Georgetown, Ky., USA, January 4, 1999: A Toyota Motor Manufacturing
plant experiences a normal day of production after an ice
storm rages across the Southeast. Based on information provided
by a unique weather risk management system, Toyota secures
additional assembly line parts before the storm and avoids
a plant shutdown. In contrast, 50 miles away in Louisville,
a Ford Motor Company plant shuts down, its supply of parts
exhausted. Workers are sent home at midday. The cost of
the shutdown was estimated to be more than $1 million.
Auburn Hills, Mich., USA, June 24, 1998: A Chrysler Corporation
(now DaimlerChrysler) board of directors meeting proceeds
and the workday continues as normal at Chrysler’s
corporate headquarters, even though tornado sirens are wailing
all across the county. Twenty miles to the south, tornadoes
and high winds cause serious damage. In the immediate vicinity
of Chrysler headquarters, no adverse weather occurs, other
than a light rain shower.
These stories have a common thread beyond the fact that
Toyota, Daimler Chrysler and their employees were spared
severe weather damage. These world-class organizations proactively
manage weather-related risk in support of their enterprise
resource management function. Each uses a unique weather
risk management system to provide a facility operating solution.
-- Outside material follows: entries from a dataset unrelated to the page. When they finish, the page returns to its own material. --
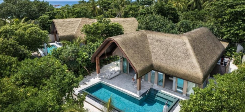 Four-Bedroom Beach Residence with Pool (500 кв. м) – двухэтажная пляжная резиденция в тропическом саду. Четыре спальни с кроватями king-size и односпальными кроватями, просторная гостиная, обеденная зона, библиотека, отдельная СПА-комната, ванная комната в стиле СПА с ванной на открытом воздухе, терраса с бассейном, зоной отдыха, тропическим душем, выходом на пляж и видом на океан. Размещение – 9 взрослых или 8 взрослых с 3 детьми.
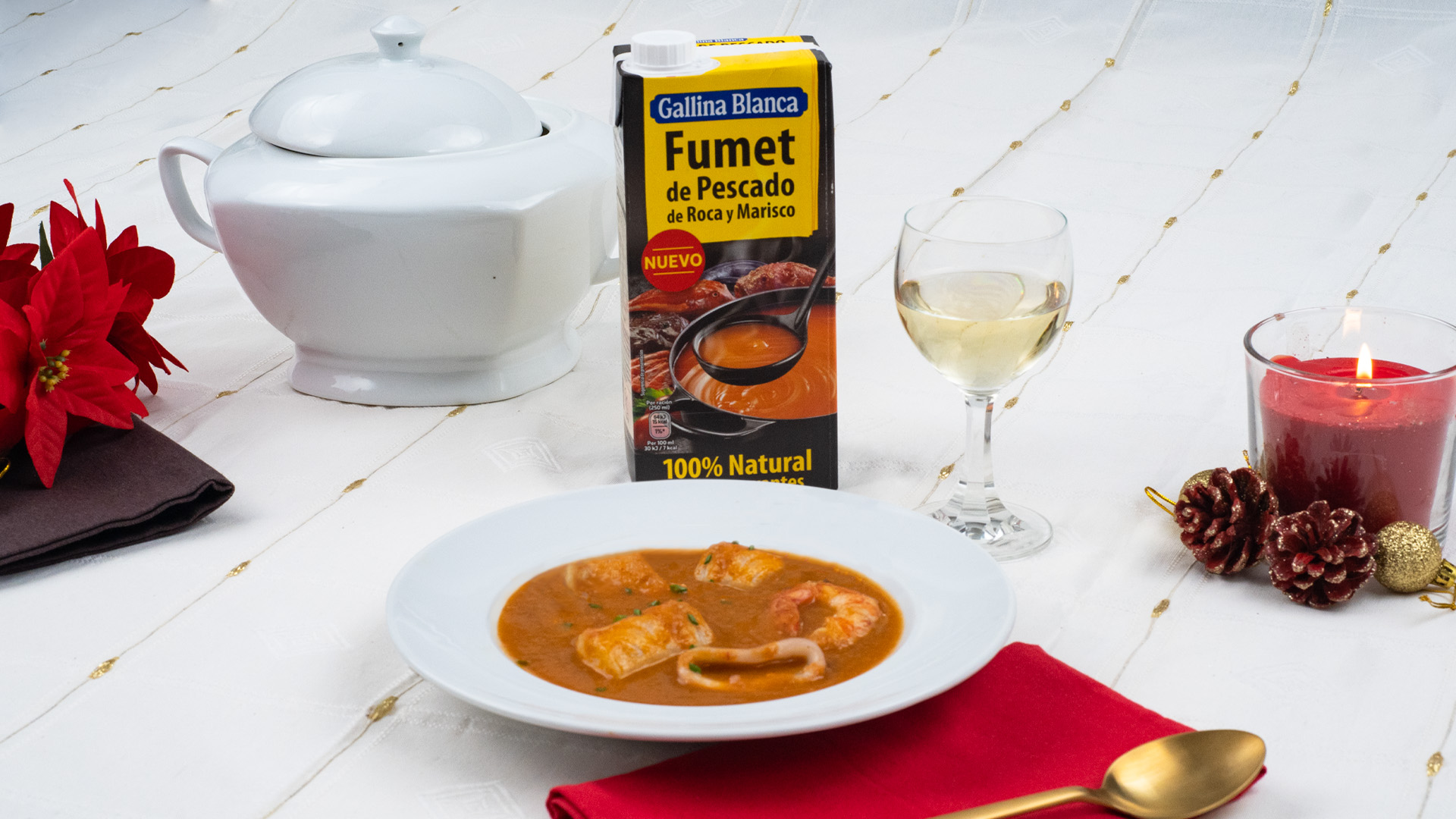 Es el momento de añadir el Fumet de Pescado de Roca y Marisco 100% Natural Gallina Blanca para que la mejor receta de caldereta de pescado y marisco quede buenísima. Cocina unos 5 minutos y después suma el bacalao enharinado. Cocina 2 minutos y entonces añade el marisco: las gambas y el bogavante. Lo colocas en la cazuela y acabas la cocción con un poco de perejil picado. Es una receta que ya lo decíamos antes: es irresistible. ¿Ves que cocinar caldereta de pescado y marisco es muy fácil? ¡Ahora a disfrutarla!
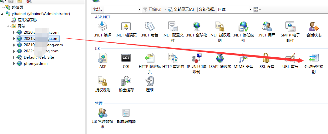 一、登录服务器,下载所需版本的windows版PHP文件,设置好extension_dir目录,开启ionCube扩展及SSL证书扩展 二、打开对应站点的【处理程序映射】  三、编辑【PHP_FastCGI】  修改可执行文件,指向新下载的PHP版本对应的文件  四、检查是否有同路径的模块映射,有的话删除之后添加新的模块映射
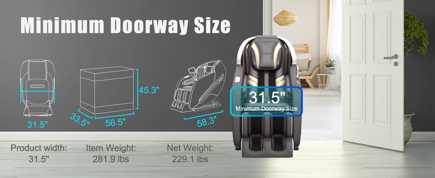 A: About 84"x37", make sure that there is at least 20“ in the back of the massage chair and enough space for the back of the chair to recline and the footrest to rise.
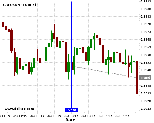 这个概率是根据最近12次公布US ADP Employment Change数据得出的, 12次中有8次真实数据小于专家预期, 这其中有6次导致GBPUSD下跌。
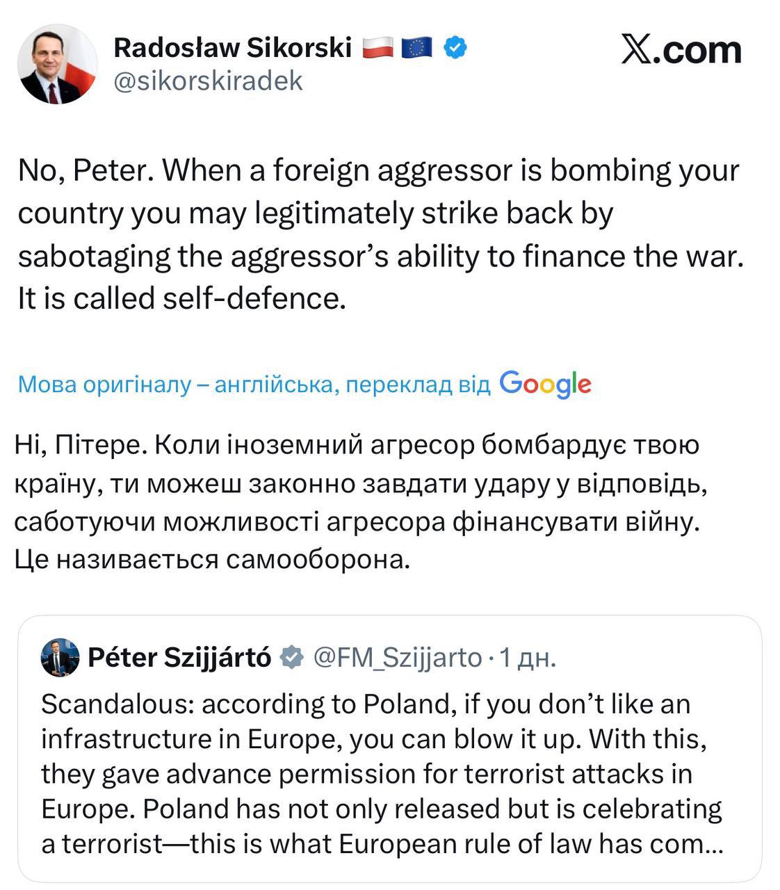 "Ні, Петре. Коли іноземний агресор бомбардує твою країну, ти маєш законне право завдати удару у відповідь, саботуючи можливості агресора фінансувати війну", - написав Сікорський у відповідь на посаду угорського колеги.
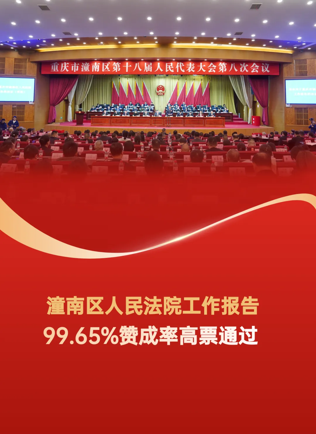 1月9日,在潼南区第十八届人民代表大会第八次会议上,潼南法院党组书记、院长龙建强作法院工作报告。1月10日,经人大代表审议表决,潼南法院工作报告以99.65%的赞成率获高票通过。
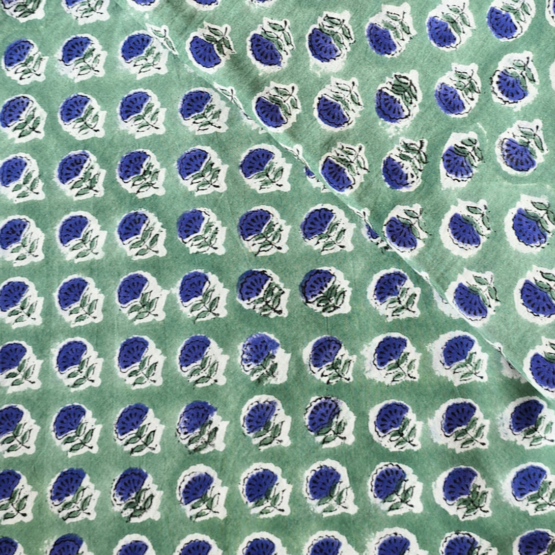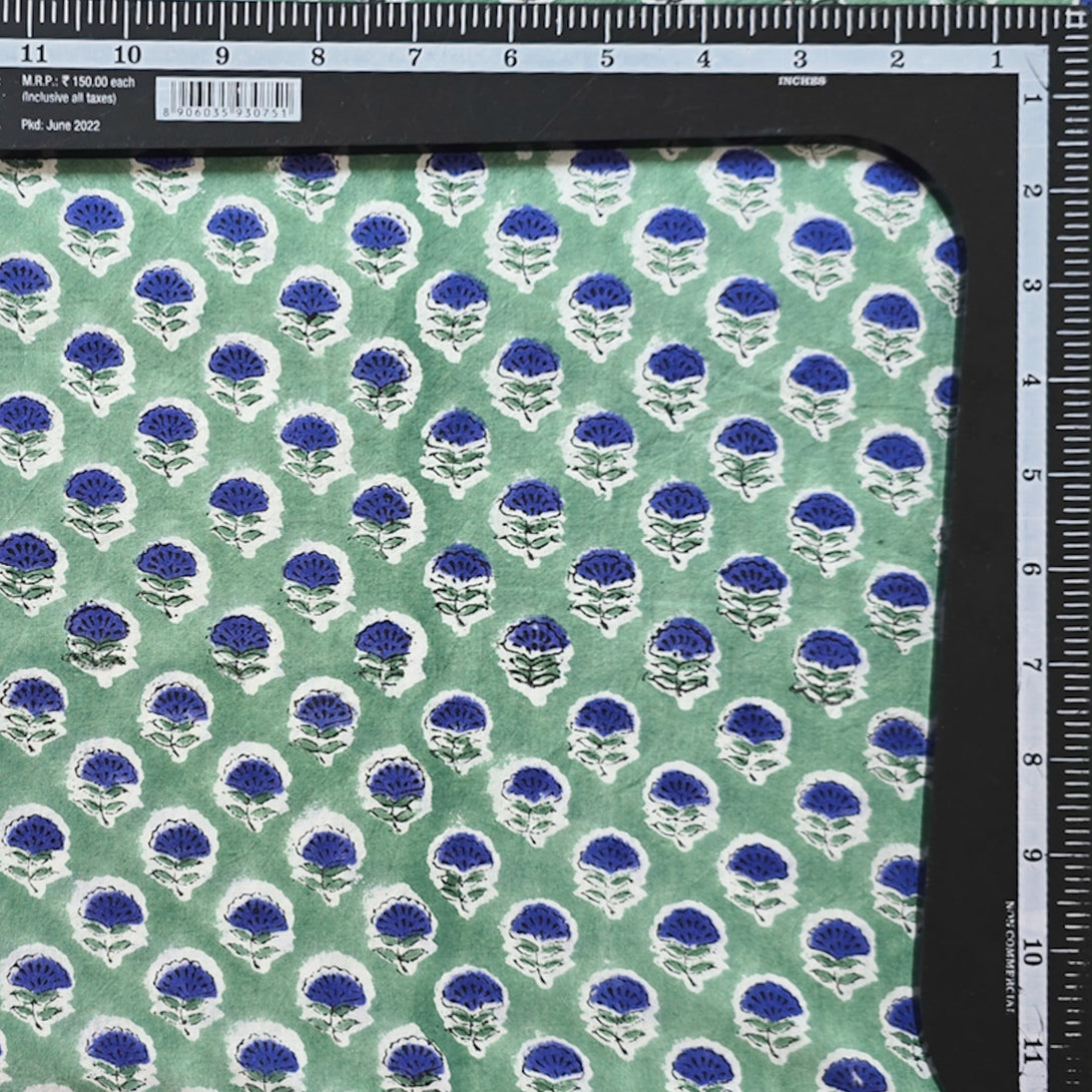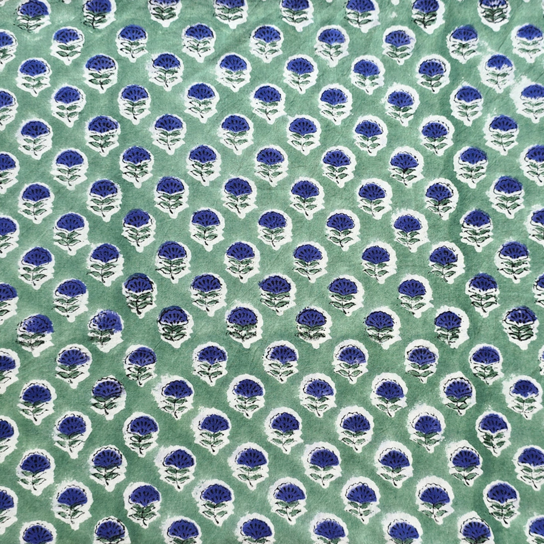 Pure Cotton Jaipuri Green With Purple Flower Motif Hand Block Print Fabric
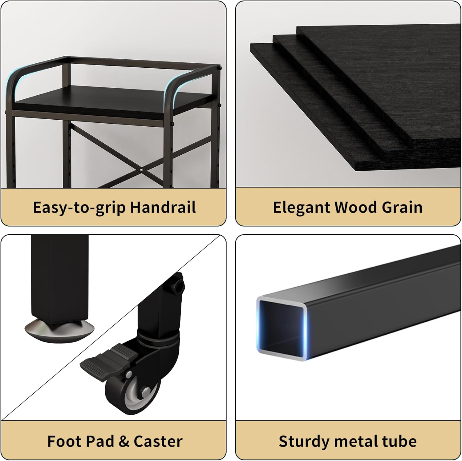 - Casters and Foot Pads Included: This under-desk printer stand features 4 ball-bearing swivel casters with brakes, allowing easy movement with loads or on carpets. For stationary use, secure it with the included foot pads. Whether you require frequent repositioning or a stable setup, this printer stand meets your needs.
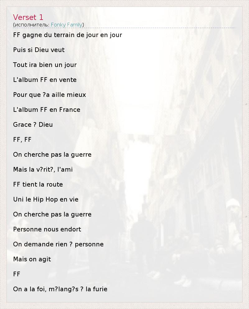 Это интересно:Fonky Family - французский хип-хоп квартет, базирующийся в самом «черном» городе Франции, Марселе. Их первые записи появились в 1995-м, а дебютный альбом «Si Dieu Veut» (1997) получил статус «золотого». На следующий год знаменитый режиссер Люк Бессон предложил им написать музыку к его последнему фильму «Taxi» - так группа стала международно известной, изрядно поспособствовав росту интереса к французскому... продолжение
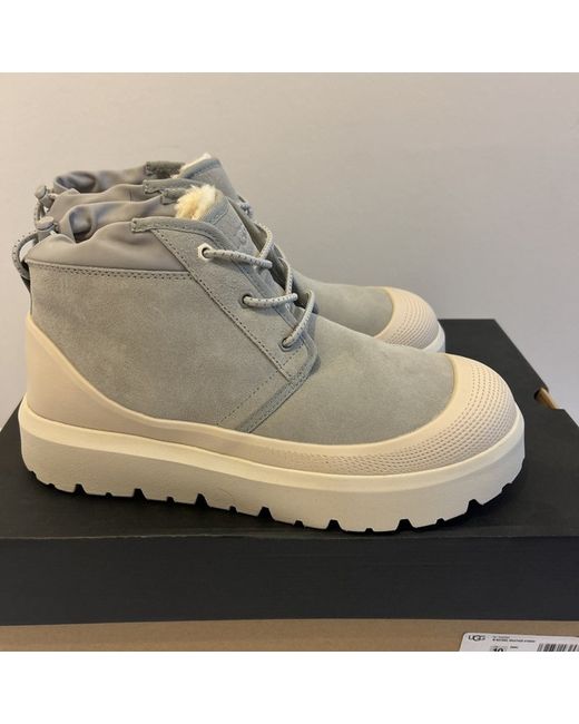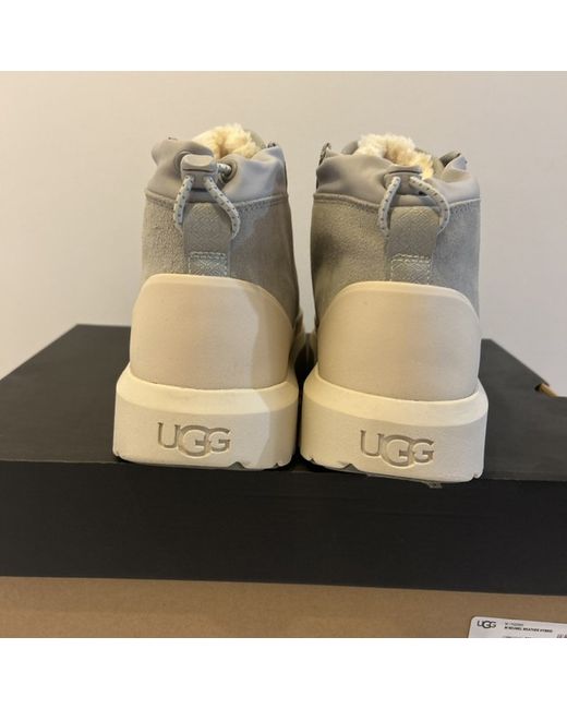 For sale men’s Ugg Brunel weather hybrid boots .the size is uk 9 .the boots are brand new they never been worn outdoors only inside .the colour is light grey and beige.on the right boot there is a tiny mark but hardly noticeable it’s two inches from the laces .the boots will sent special delivery recorded thanks for looking .

“Increasingly, weather information has multi-billion-dollar
implications to business,” according to The Wall Street
Journal. This is especially true in the field of facility
management. In the past, facility managers viewed a darkening
sky and turned to The Weather Channel, NOAA Weather Radio
or the Internet for information to help make decisions that
would mitigate the damage from adverse weather conditions
that might or might not be headed their way. This approach
often proves unsatisfactory as the intentionally time-delayed
radar data generally available on the Internet is inappropriate,
and can be misleading when making mission-critical real-time
decisions.
The Weather Channel and NOAA Weather Radio are fine sources
of information for mass-market consumers, but are not the
optimum sources for site-specific business facility needs.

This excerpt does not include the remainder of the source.